The large intersubject variability in acoustic injury is well known. The exact mechanisms underlying these differences remain, however, poorly understood. Therefore, identifying genes of vulnerability or genes that could potentially play a protective role is critical to enhancing the development of personalized medicine for hearing loss. In this context, PACAP may be a candidate gene for endogenous protection against noise-induced hearing.
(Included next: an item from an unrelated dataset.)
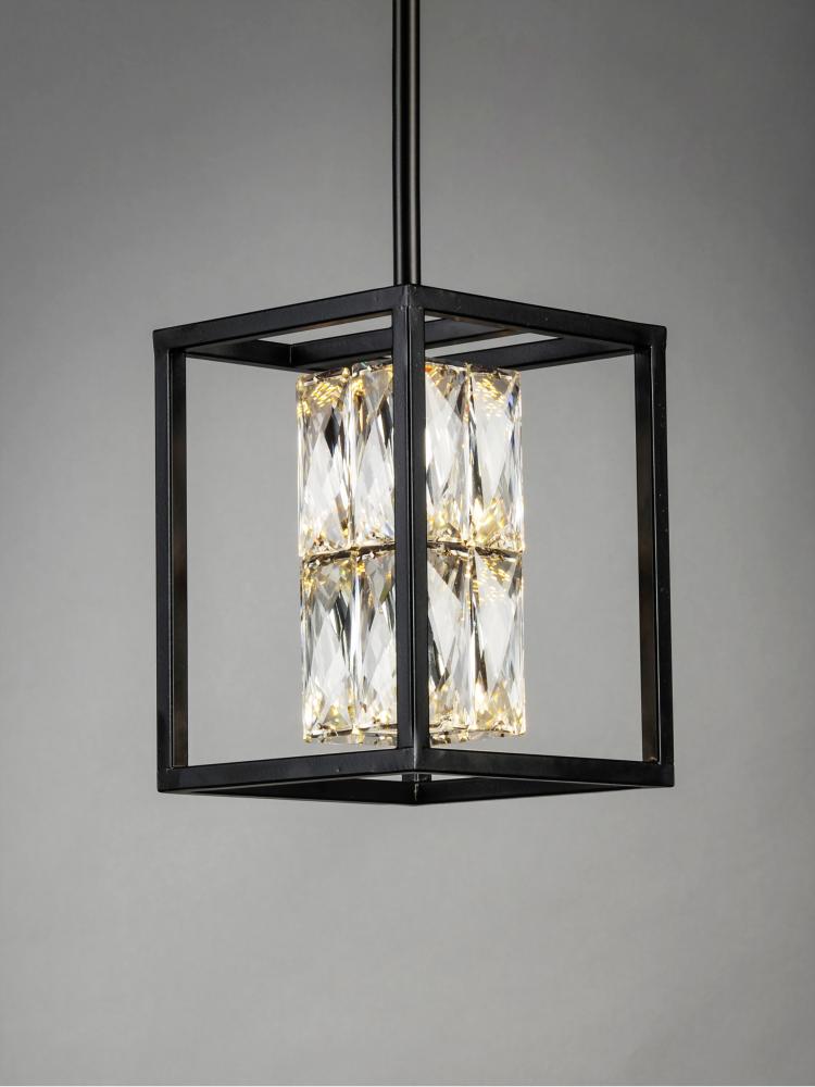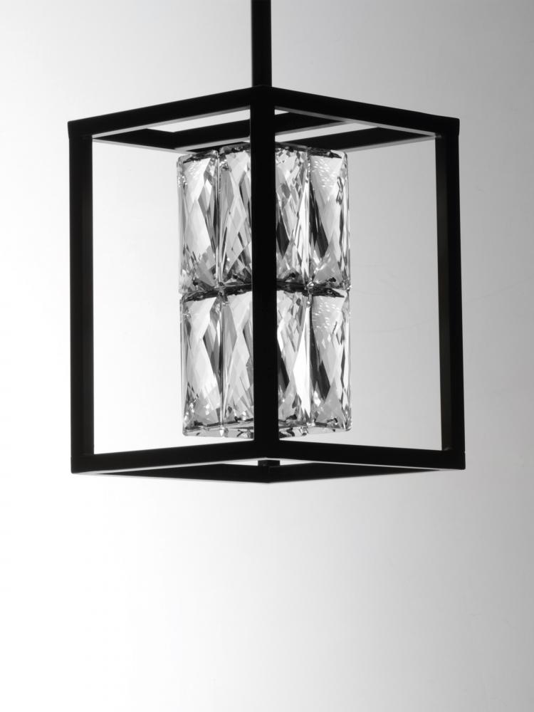 Rectangular Beveled Crystals are banded together to form soft square cylinders which are illuminated by LED that creates a brilliant lighting effect. Some items include metal chassis of Black which frame the crystal for a beautiful silhouette.
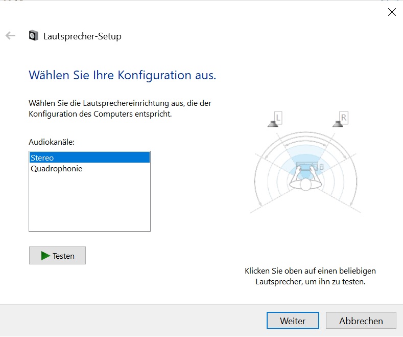 Zur gleichen Zeit war und ist es auch nicht mehr möglich in der Konfiguration die 5.1 Option auszuwählen. Es stehen nur Stereo und Quadrophonie zur Verfügung. Bei Quad auch nur die vorderen zwei Außenlautsprecher am döngeln.

Data Availability Statement

The original contributions presented in the study are included in the article, further inquiries can be directed to the corresponding author.

Ethics Statement

The animal study was reviewed and approved by French Ethical Committee stipulations regarding the care and use of animals for experimental procedures (agreements C75-05-18 and 01476.02, license #6711).

Author Contributions

JW, MG and PB designed the experiments. SS provided transgenic mice expressing human PAC1R. JW, MG and JR performed electrophysiological assessments. JW and ML performed histochemical evaluations. PB performed molecular biological assessments. PG carried out quantitative analysis. JW, MG and PB wrote the manuscript. J-LP and JR reviewed the manuscript. All authors contributed to the article and approved the submitted version.

Conflict of Interest

The authors declare that the research was conducted in the absence of any commercial or financial relationships that could be construed as a potential conflict of interest.